It is only one win and three points, but the impact on Arsenal of Sunday's 1-0 victory over Manchester City could be profound. The Gunners had not beaten City in 15 previous Premier League meetings dating back to January 2015. 

They had suffered a staggering 12 consecutive defeats in that run including two last season, when they were outclassed and outmuscled as Pep Guardiola's side secured a fifth title in six seasons.

In that context, there was a cathartic element to the celebrations greeting Gabriel Martinelli's deflected 86th-minute winner: eight years of pain and suffering exorcised in a moment that felt like the shattering of a glass ceiling.

City were well below par -- more of that later -- but Arsenal were without talismanic winger Bukayo Saka for the first time in 88 consecutive league games and still found a way to beat English football's leading side and end a hoodoo that has inevitably chipped away at their self-belief. 

Instead, they now have a positive reference point for future challenges, memories of an experience to rival any Arsenal have enjoyed inside Emirates Stadium which was a picture of euphoria at the final whistle.

"I don't know if it was a barrier but obviously it was something we needed to go through," said Arteta. "To beat them we have to lose against them, we have to lose probably the way we lost at the Etihad.

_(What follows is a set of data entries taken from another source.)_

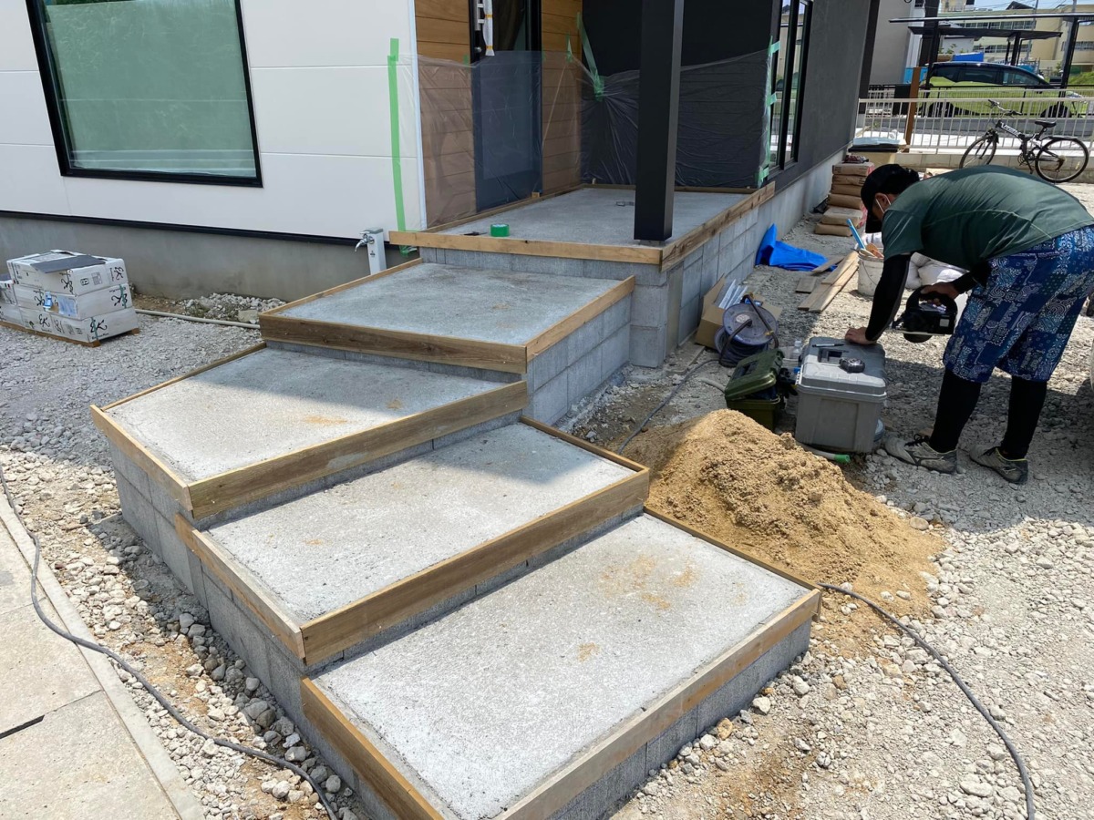 おおお👀階段に型枠のようなものが設置され、いよいよ・・・❗❗いよいよタイル貼りが開始されます😙👏
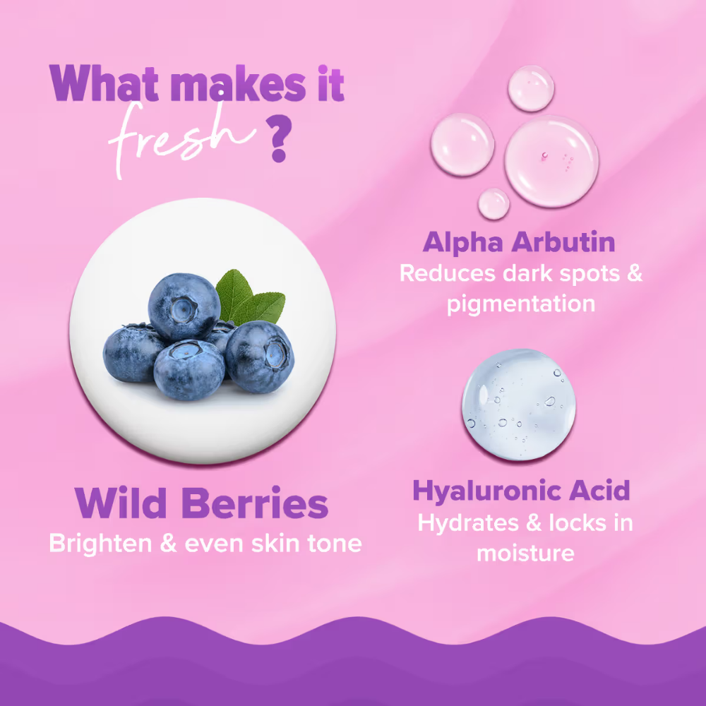 • Makes skin even and luminous: Infused with the perfect blend of wild berries and alpha-arbutin, it brightens and evens skin tone, targets dark spots, and treats pigmentation like a pro. The cherry on top – a hydration hug from hyaluronic acid!
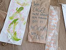 Dabei wurde kreativ und intuitiv an Engelgedichten, Zitaten und biblischen Szenen gearbeitet und eigene Texte, Bilder und Wettergramme geschaffen, die dann bei einem Spaziergang im Klostergarten der Natur und den Besuchern überlassen wurde. Ein Höhepunkt war schließlich der Vortrag von Prof. Dr. Christoph Müller, der die "engelischen Fäden" der Bibel unterhaltsam zusammenführte. Ebenso boten die Oasentage Zeit für Einkehr in der Klosterkirche, Lobpreis und Gebet und für unsere ganz eigenen Bedürfnisse und Spuren. Für die Meisten ging es dann weiter mit dem Schuljahresendspurt. Zum Glück gut erholt, gestärkt und neu inspiriert!
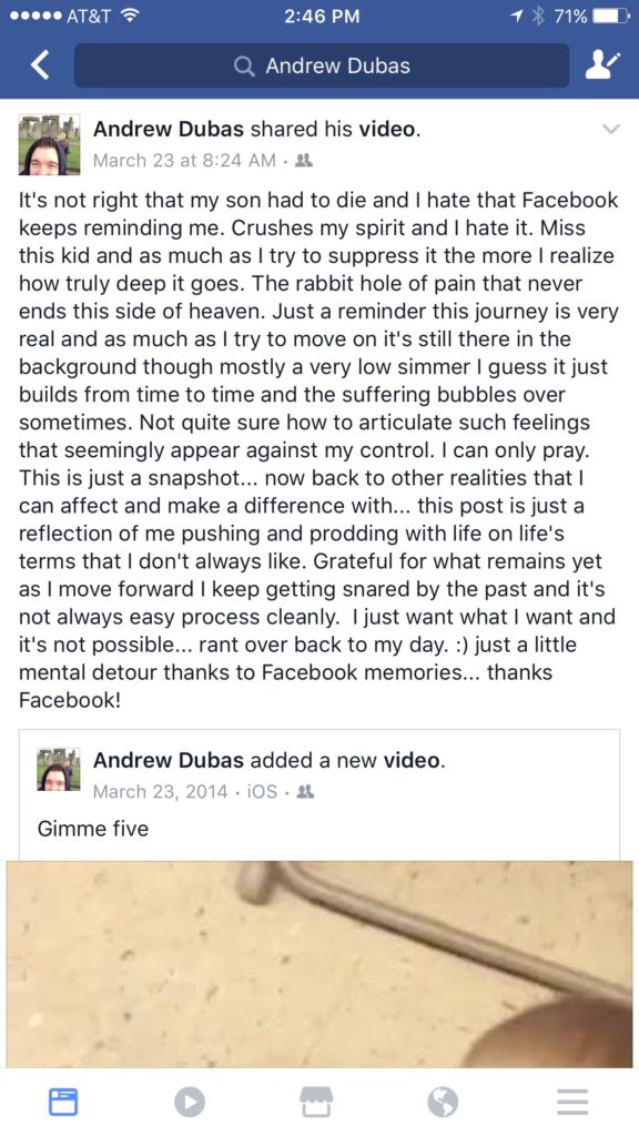 As Caleb’s birthday approaches on April 6th and as much as I try to run from my son’s death, the more I get reminded there’s no other way other than to find healthy ways to process his passing. My default is to suppress and ignore it as mush as I can. The problem is there’s always this undercurrent of truth in the background and that reality always seems to find a way to surface contrary to my best efforts. As an example, last week I pulled up my phone and opened Facebook to clear my notifications and the first in my feed was a “Facebook Memory” from 3 years ago of my son Caleb. Being very tech orientated I proudly posted a lot of video and pictures of my son during his short life on Facebook and I am now plagued with reminders on Facebook from years past and just last week a reminder video I don’t recall seeing or taking popped up and I felt compelled to watch. The first few seconds were OK but I found myself flashing back and then getting angry about his loss of which led to this Facebook post:

We lost in two different ways last season, here where we were the better team. 

The team showed a real maturity today, that comes from experiences. Sometimes you need that to become a better team. Certainly it sends a message to the team to keep believing in what they're doing because they're a fantastic group of players. They way they try and the chemistry that they have, you need it to be there. So I'm really proud."

For long periods, Sunday's game was a cagey, tactical affair. For periods of the second half, it was plain dull.

Almost ludicrously given the calibre of opposition, this was Arsenal's first clean sheet at home in the league this season. Arteta explained that porous record by his team struggling to handle the emotion of certain occasions, trying to attack too quickly and leaving themselves exposed. 

They were much more balanced here, restricting City to four shots and only one shot on target, which came in the fourth minute as Josko Gvardiol turned an effort toward goal which Declan Rice cleared off the line before Nathan Aké blazed over moments later.

It was the most threatening City were all afternoon, a testament to the manner in which William Saliba and Gabriel Magalhaes kept Erling Haaland quiet as well as Rice making 13 defensive interventions -- a figure only surpassed by Gvardiol on either side. Haaland ended with an individual expected goals figure of 0.00.

Arsenal goalkeeper David Raya faced frustration from home supporters on multiple occasions as he waited in possession to play the ball, something Arteta took responsibility for.

"It's my fault, all my fault," he said. "They can boo me. I asked him to do that. Especially against this team, you start to do other things and you get in big, big, big trouble. He was excellent, the way he dominated his box, the way he came up for crosses in set pieces. He's got big ones. The crowd go like this, other players start to kick balls everywhere. I said to him make sure you don't do it."

But this defeat also raises questions about City's ability to cope without Kevin de Bruyne and Rodri after slipping to back-to-back league defeats for the first time since December 2018. De Bruyne was instrumental in both City victories over Arsenal last season. There remains no other midfielder in the league capable of matching his ingenuity in possession.